Don’t let the name fool you – quillworts aren’t actually related to grasses at all! The Hawai’i quillwort belongs to an ancient group of plants called lycophytes, making it more closely related to ferns than to the grasses it resembles. These perennial plants look like small tufts of grass-like leaves emerging from wetland areas, but they’re actually living fossils that have been around for hundreds of millions of years.

Instead of producing flowers and seeds like most plants we’re familiar with, quillworts reproduce using spores – much like ferns and mosses. This gives them a prehistoric charm that connects us directly to Earth’s ancient plant heritage.

Where Does It Call Home?

Isoetes hawaiiensis is found exclusively in Hawaii, making it what scientists call an endemic species. This means it evolved in isolation on the Hawaiian islands and exists nowhere else on Earth. Currently, this rare plant can only be found in Hawaii’s specialized wetland habitats.

A Plant in Crisis

Here’s where things get serious: the Hawai’i quillwort is critically imperiled, with a conservation status of S1. This designation means there are typically fewer than 1,000 individual plants remaining in the wild, often across just five or fewer locations. Every single plant matters for the survival of this species.
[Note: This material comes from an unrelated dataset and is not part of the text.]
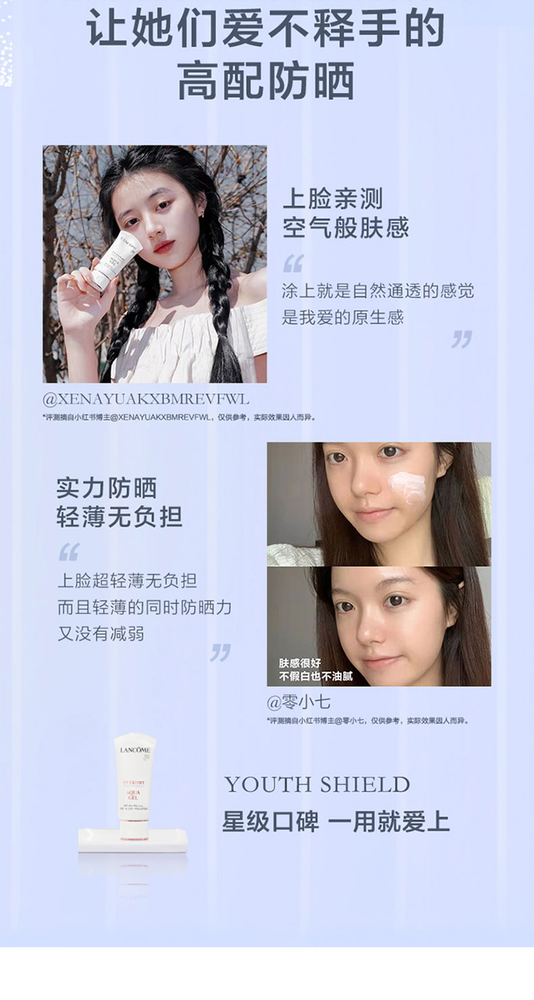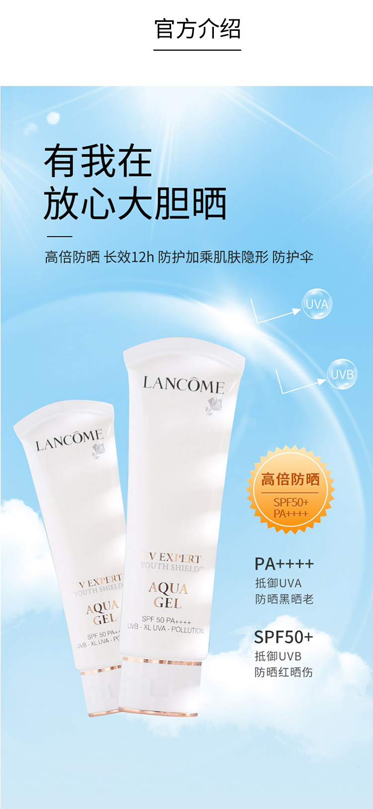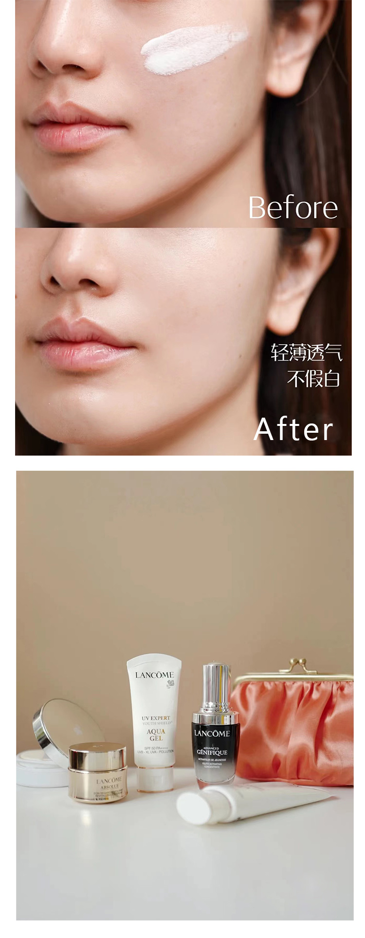 【保税仓发】伪素颜心机防晒,兰蔻小白管轻透水漾防晒乳50ml!SPF50 PA++++,白色水润乳液质地,像牛奶般清透又自然!成膜快不粘腻,空气般的肤感超爱~出门用它再上个口红,妥妥的伪素颜!
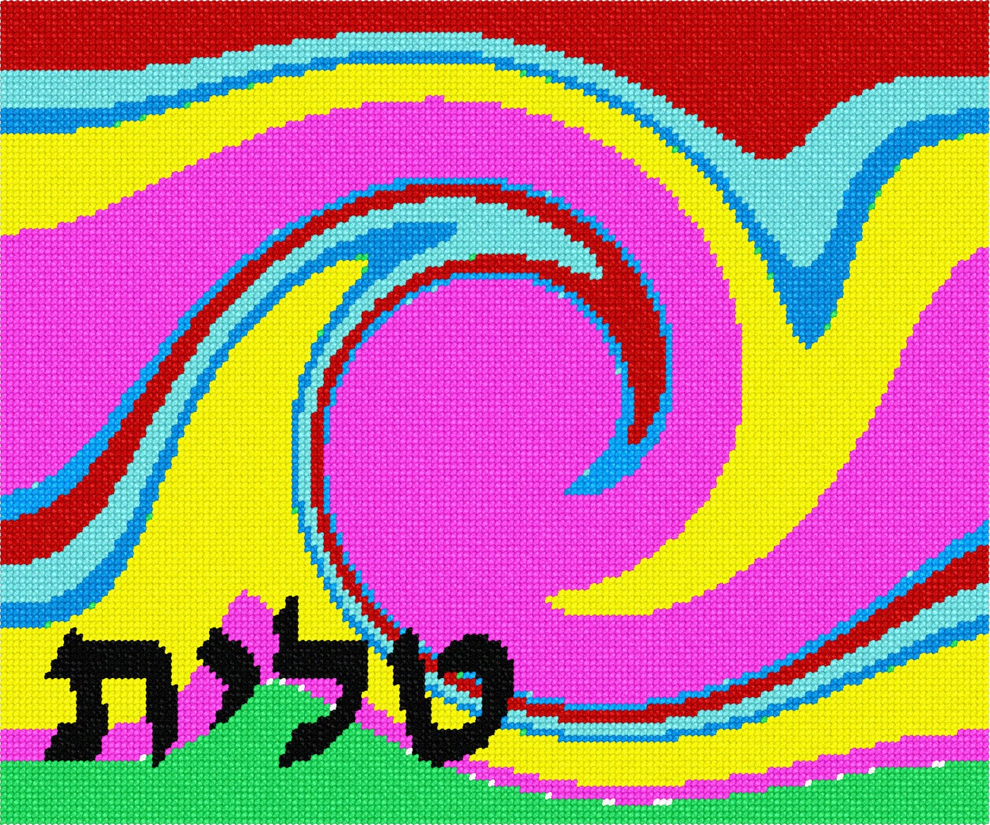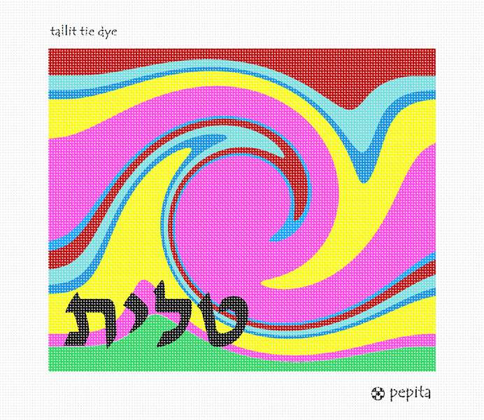 A tallit in a tie dye theme. It's cool, it's in style, it's perfect. This is a modern, neat design. You stitch the front. After it is completely stitched, it is sent to a professional finisher who adds a lining, back, and matching zipper.

This rarity status is precisely why you shouldn’t attempt to grow Hawai’i quillwort in your garden – even if you could successfully recreate its specialized wetland conditions. Any collection from the wild could push this species closer to extinction.

Why This Plant Matters

As an obligate wetland species, the Hawai’i quillwort plays a crucial role in Hawaii’s aquatic ecosystems. These plants:

  • Help stabilize wetland soils with their root systems
  • Contribute to the overall biodiversity of Hawaiian wetlands
  • Serve as indicators of healthy wetland conditions
  • Represent millions of years of unique evolutionary history

Growing Conditions (For Understanding, Not Cultivation)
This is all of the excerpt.